The task:
Using the listing below, print exactly everything from the line with "Es ist bereits" down to the line with "本次直播招聘活动面向全球人才", both included, and nothing more.

Records to process:
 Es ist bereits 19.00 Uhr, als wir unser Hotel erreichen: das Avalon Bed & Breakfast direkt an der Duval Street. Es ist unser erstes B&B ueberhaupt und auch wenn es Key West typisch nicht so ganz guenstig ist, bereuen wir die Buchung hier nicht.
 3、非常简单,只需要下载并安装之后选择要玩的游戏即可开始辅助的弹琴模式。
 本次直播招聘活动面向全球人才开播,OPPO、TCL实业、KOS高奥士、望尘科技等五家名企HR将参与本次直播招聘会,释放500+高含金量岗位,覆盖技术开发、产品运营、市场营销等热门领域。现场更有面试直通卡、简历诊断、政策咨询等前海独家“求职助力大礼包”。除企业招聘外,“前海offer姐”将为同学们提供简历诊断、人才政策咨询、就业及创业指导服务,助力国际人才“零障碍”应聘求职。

--

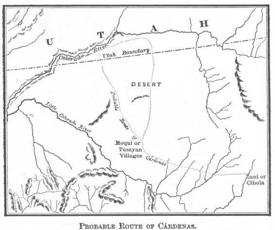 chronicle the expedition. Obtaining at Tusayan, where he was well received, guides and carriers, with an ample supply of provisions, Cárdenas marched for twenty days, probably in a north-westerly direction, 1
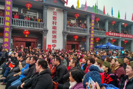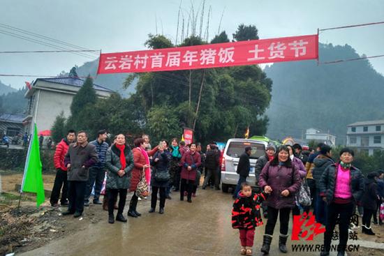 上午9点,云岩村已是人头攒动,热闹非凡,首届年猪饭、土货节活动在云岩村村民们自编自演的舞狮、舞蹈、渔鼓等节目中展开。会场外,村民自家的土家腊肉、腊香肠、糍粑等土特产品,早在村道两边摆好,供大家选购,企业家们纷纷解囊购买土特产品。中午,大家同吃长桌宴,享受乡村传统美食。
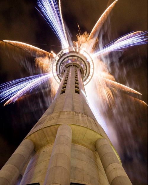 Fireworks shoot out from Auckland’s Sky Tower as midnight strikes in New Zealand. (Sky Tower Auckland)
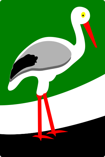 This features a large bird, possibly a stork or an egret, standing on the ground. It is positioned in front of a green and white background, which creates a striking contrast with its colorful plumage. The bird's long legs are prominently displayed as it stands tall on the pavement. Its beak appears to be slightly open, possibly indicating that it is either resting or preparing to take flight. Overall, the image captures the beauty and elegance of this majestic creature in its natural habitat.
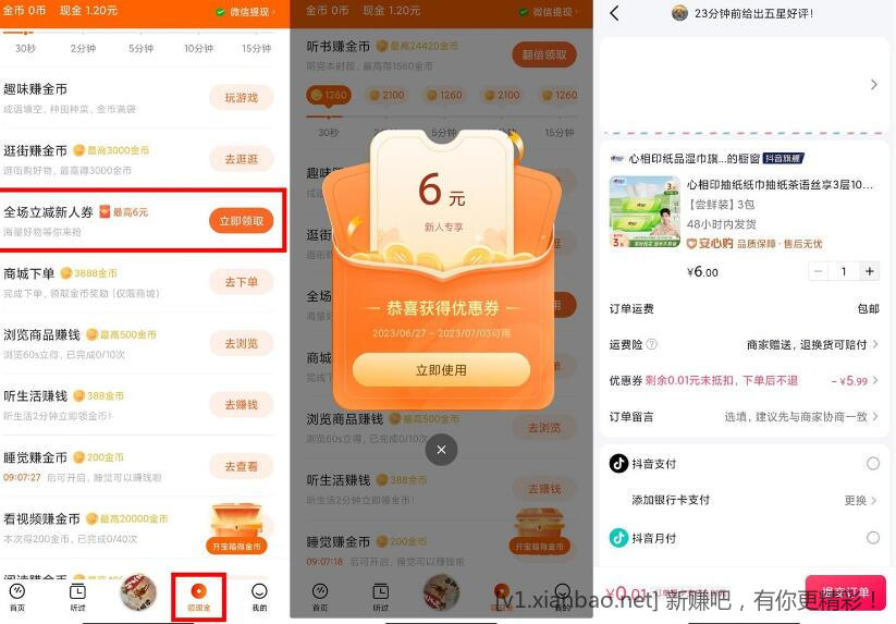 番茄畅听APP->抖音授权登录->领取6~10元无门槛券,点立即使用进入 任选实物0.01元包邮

Response below:
 Es ist bereits 19.00 Uhr, als wir unser Hotel erreichen: das Avalon Bed & Breakfast direkt an der Duval Street. Es ist unser erstes B&B ueberhaupt und auch wenn es Key West typisch nicht so ganz guenstig ist, bereuen wir die Buchung hier nicht.
 3、非常简单,只需要下载并安装之后选择要玩的游戏即可开始辅助的弹琴模式。
 本次直播招聘活动面向全球人才开播,OPPO、TCL实业、KOS高奥士、望尘科技等五家名企HR将参与本次直播招聘会,释放500+高含金量岗位,覆盖技术开发、产品运营、市场营销等热门领域。现场更有面试直通卡、简历诊断、政策咨询等前海独家“求职助力大礼包”。除企业招聘外,“前海offer姐”将为同学们提供简历诊断、人才政策咨询、就业及创业指导服务,助力国际人才“零障碍”应聘求职。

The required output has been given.